RAW DATA:
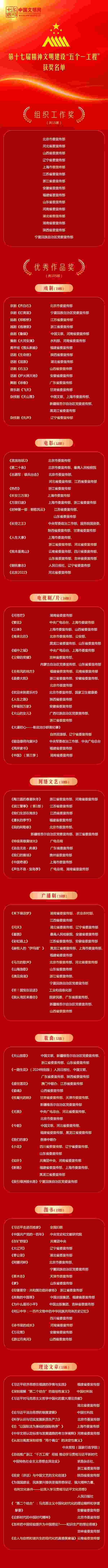 近日,中共中央宣傳部印發(fā)表彰決定,對第十七屆精神文明建設“五個一工程”組織工作先進單位和優(yōu)秀作品進行表彰。授予《齊白石》等15部戲劇作品、《流浪地球2》等12部電影作品、《問蒼茫》等16部電視作品、《陶三圓的春夏秋冬》等10部網(wǎng)絡文藝作品、《禾下乘涼夢》等10部廣播劇、《天山放歌》等12首歌曲,共105部作品“優(yōu)秀作品獎”;授予北京、河北、山西、遼寧、上海、江蘇、浙江、安徽、福建、山東、河南、湖北、湖南、陜西、寧夏等15個省區(qū)市黨委宣傳部“組織工作獎”。
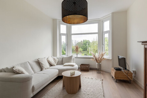 Fully renovated and renewed furnished turn-key apartment with 2 spacious bedrooms and a terrace. This apartment is bright and spacious and with a sunny terrace in the green Vruchtenbuurt, minutes away from the Kijkduin beach. Brand new and stylish furniture make this a modern living space. The kitchen is fully fitted and equipped with a lovely kitchen island and stone counter top. This means living close to the International School as well as Laan van Meerdervoort with excellent tram connections. Shops and supermarkets can be found at Thorbeckestraat.
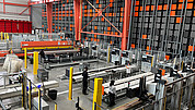 La table élévatrice à ciseaux intégrée avec convoyeur à rouleaux motorisé permet d'utiliser des emplacements tampons superposés. Cela permet non seulement d'économiser une surface précieuse, mais aussi de garantir une disponibilité élevée et constante de la matière.

WHAT THE TASK ASKS:
Word for word, reproduce the material above and omit each image.

WRITTEN SOLUTION:
 近日,中共中央宣傳部印發(fā)表彰決定,對第十七屆精神文明建設“五個一工程”組織工作先進單位和優(yōu)秀作品進行表彰。授予《齊白石》等15部戲劇作品、《流浪地球2》等12部電影作品、《問蒼茫》等16部電視作品、《陶三圓的春夏秋冬》等10部網(wǎng)絡文藝作品、《禾下乘涼夢》等10部廣播劇、《天山放歌》等12首歌曲,共105部作品“優(yōu)秀作品獎”;授予北京、河北、山西、遼寧、上海、江蘇、浙江、安徽、福建、山東、河南、湖北、湖南、陜西、寧夏等15個省區(qū)市黨委宣傳部“組織工作獎”。
 Fully renovated and renewed furnished turn-key apartment with 2 spacious bedrooms and a terrace. This apartment is bright and spacious and with a sunny terrace in the green Vruchtenbuurt, minutes away from the Kijkduin beach. Brand new and stylish furniture make this a modern living space. The kitchen is fully fitted and equipped with a lovely kitchen island and stone counter top. This means living close to the International School as well as Laan van Meerdervoort with excellent tram connections. Shops and supermarkets can be found at Thorbeckestraat.
 La table élévatrice à ciseaux intégrée avec convoyeur à rouleaux motorisé permet d'utiliser des emplacements tampons superposés. Cela permet non seulement d'économiser une surface précieuse, mais aussi de garantir une disponibilité élevée et constante de la matière.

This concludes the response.